The Marie Louise Weightman Faries Window
The single-light window in the north wall of the northeast tower stairway is a memorial to Marie Louise Weightman Faries, who died in 1898. The subject is a draped angel figure, crowned by a golden halo, standing in a field of lilies. On the basis of similarities in style, color, and subject to the other windows in the Philadelphia area, this window has been attributed to Fannie Sweeney, whose work was shown in the 1893-94 exhibition of the Pennsylvania Academy of the Fine Arts, and among the Pennsylvania exhibits at the World's Columbian Exposition in 1893. Though This window has some characteristics of the Tiffany style, the Faries window more closely resembles known examples of Sweeney's work, such as the angel figure in the First Unitarian Church of Wilmington, Delaware.

West transept and aisle

The "Prophet Windows"
The seven Tiffany lancet windows in the west transept were donated by John M. Logan in 1906 in memory of his brothers, and represent Old Testament figures. The congregation knows them familiarly as the "Prophet Windows", but both prophets and patriarchs are included. Beginning on the left, the first is that of Abraham holding a pastoral staff in his left hand and a long knife in the right, symbolizing the intended sacrifice of his son, Isaac. The figure of Joseph in the next window is immediately recognizable because of the splendor of his many-colored coat.

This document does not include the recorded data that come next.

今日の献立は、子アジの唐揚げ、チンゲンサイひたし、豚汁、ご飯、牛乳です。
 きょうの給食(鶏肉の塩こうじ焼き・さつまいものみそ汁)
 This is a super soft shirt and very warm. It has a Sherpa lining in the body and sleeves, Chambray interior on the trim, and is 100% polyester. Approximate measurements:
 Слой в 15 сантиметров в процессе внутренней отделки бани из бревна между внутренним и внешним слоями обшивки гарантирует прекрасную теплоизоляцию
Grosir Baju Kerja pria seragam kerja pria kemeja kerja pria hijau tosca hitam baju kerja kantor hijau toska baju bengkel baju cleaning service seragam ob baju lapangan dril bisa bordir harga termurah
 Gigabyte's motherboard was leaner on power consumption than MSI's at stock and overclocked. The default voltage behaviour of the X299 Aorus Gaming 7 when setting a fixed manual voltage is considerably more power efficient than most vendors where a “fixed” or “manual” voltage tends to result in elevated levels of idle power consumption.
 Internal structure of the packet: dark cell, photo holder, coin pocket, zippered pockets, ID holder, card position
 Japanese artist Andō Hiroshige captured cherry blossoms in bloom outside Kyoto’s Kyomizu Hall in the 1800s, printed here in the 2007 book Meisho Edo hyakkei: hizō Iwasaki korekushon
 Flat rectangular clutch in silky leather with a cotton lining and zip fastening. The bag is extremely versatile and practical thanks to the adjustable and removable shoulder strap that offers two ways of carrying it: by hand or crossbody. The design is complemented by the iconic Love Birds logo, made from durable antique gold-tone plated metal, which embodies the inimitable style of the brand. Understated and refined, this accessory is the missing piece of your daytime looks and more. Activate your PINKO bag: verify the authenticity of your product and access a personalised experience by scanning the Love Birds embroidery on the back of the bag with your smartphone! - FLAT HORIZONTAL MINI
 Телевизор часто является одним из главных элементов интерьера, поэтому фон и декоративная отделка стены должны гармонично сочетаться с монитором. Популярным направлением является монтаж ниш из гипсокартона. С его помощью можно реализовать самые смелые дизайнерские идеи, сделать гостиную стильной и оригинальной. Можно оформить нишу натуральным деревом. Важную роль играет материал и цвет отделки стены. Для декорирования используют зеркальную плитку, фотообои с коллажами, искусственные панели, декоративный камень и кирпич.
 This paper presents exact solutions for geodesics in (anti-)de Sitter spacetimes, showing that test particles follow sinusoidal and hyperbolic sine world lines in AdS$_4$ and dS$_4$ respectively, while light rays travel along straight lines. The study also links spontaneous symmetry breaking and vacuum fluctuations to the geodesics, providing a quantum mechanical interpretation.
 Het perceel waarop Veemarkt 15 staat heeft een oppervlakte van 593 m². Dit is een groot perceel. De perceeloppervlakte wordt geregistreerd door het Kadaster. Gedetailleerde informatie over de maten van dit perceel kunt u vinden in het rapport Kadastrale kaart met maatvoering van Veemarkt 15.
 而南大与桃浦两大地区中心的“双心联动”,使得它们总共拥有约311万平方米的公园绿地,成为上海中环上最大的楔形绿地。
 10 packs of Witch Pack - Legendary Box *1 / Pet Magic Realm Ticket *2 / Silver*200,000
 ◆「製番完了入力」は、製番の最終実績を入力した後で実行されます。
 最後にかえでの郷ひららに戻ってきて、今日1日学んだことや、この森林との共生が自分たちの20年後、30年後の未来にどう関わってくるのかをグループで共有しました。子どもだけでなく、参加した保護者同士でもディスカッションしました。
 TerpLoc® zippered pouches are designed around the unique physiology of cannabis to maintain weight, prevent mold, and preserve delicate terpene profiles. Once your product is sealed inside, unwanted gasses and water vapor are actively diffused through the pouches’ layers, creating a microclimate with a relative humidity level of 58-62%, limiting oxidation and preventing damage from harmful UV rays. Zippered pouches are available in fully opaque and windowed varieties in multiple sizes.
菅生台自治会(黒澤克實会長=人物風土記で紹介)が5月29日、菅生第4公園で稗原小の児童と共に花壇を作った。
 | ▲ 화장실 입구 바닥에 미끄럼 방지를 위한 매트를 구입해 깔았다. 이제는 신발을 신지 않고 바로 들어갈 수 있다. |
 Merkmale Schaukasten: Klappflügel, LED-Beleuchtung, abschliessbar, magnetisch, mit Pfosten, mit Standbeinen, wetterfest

The prophet Samuel holds a pen. The figure of Moses has his left arm raised up in blessing, and the right arm holds the tablets of the Law. The iconography of Elijah is elusive, but he is holding the measure of meal miraculously renewed while he lodged with the widow of Zarephath (I Kings 17:8). In the next lancet, Isaiah holds the scrolls of prophecy. The prophet Daniel holds a scepter in the right hand, for he was a royal functionary and foretold the coming of the King. The left hand holds the scroll of the prophecy. A single piece of glass from the original window can be seen in the second of the cathedral glass windows above and to the right of these windows.

The Haseltine Window
The adjacent memorial window, by Gibson of Philadelphia, was placed in 1872 by Charles F. Haseltine, a member of the Building Committee. In the quatrefoil above, a crown signifies victory over death. The inscription comes from Revelation 2:10, "Be thou faithful unto death, and I will give thee a crown of life". The left light displays a sheaf of lilies, a symbol of the Resurrection. The purple flower on the right has been identified as the passion flower, said to contain all the symbols of the Lord's Passion.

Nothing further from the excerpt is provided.